I am trying to parse an Input file and generate a .csv
File as output.
So far it is working fine but the writing takes forever. My question is: How can I speed up the writing of the file? Is has about 1.000.000 lines as output.
// generate a really long array to simulate input
const data = []
for (let i = 0; i < 1000000; i++) {
data.push({plz: '12345', strasse: 'Teststrasse'})
}
async function* asyncIterator(data: any): AsyncGenerator<any> {
for (const entry of data) {
yield entry;
}
}
async function writeCSV(data: any[]): Promise<void> {
const file = await Deno.open('./test.csv', {write: true, create: true});
await writeCSVObjects(file, asyncIterator(data), {header: ['plz', 'strasse']});
file.close();
}
I already had a hard time wrapping my head around this asyncIterator
thing.
I would guess what is making this slow, is the constant yielding of the generator function? Is there a way of batch processing that would make this faster
MISC: I am using the standard csv-library and this method from the library.
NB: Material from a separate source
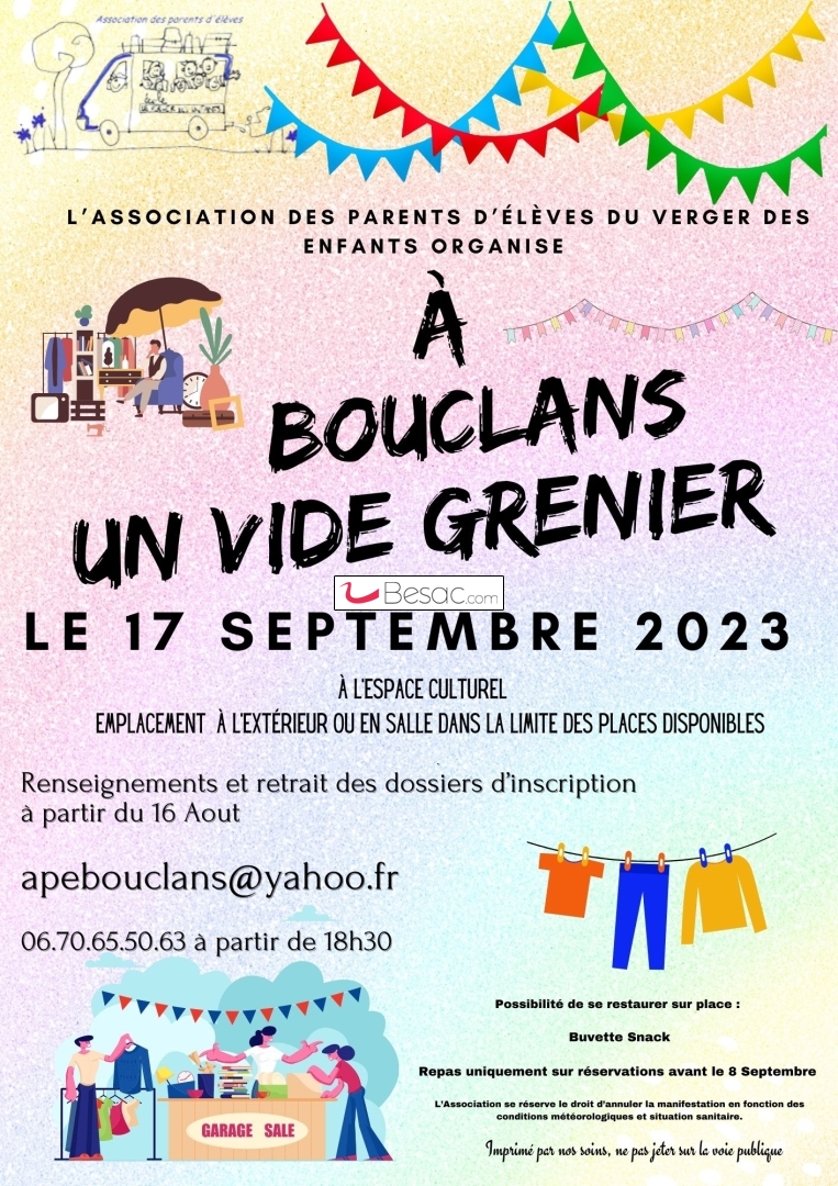 Marchés, Vide-greniersN'hésitez pas à venir nombreux au vide-grenier de bouclans qui aura lieu le dimanche 17 septembre !

The links you provided don’t point to Deno’s standard library (/std
). Those links point to some community module (/x
hosts community/third-party code). The standard library includes very performant CSV tools. Here’s a link to a how-to-use example for streaming serialization (I'm inlining it below in case the link ever breaks or points to a different resource in the future):
https://deno.land/std@0.192.0/csv/mod.ts?s=CsvStringifyStream#example_0
import { CsvStringifyStream } from "https://deno.land/std@0.192.0/csv/csv_stringify_stream.ts";
import { readableStreamFromIterable } from "https://deno.land/std@0.192.0/streams/readable_stream_from_iterable.ts";
const file = await Deno.open("data.csv", { create: true, write: true });
const readable = readableStreamFromIterable([
{ id: 1, name: "one" },
{ id: 2, name: "two" },
{ id: 3, name: "three" },
]);
await readable
.pipeThrough(new CsvStringifyStream({ columns: ["id", "name"] }))
.pipeThrough(new TextEncoderStream())
.pipeTo(file.writable);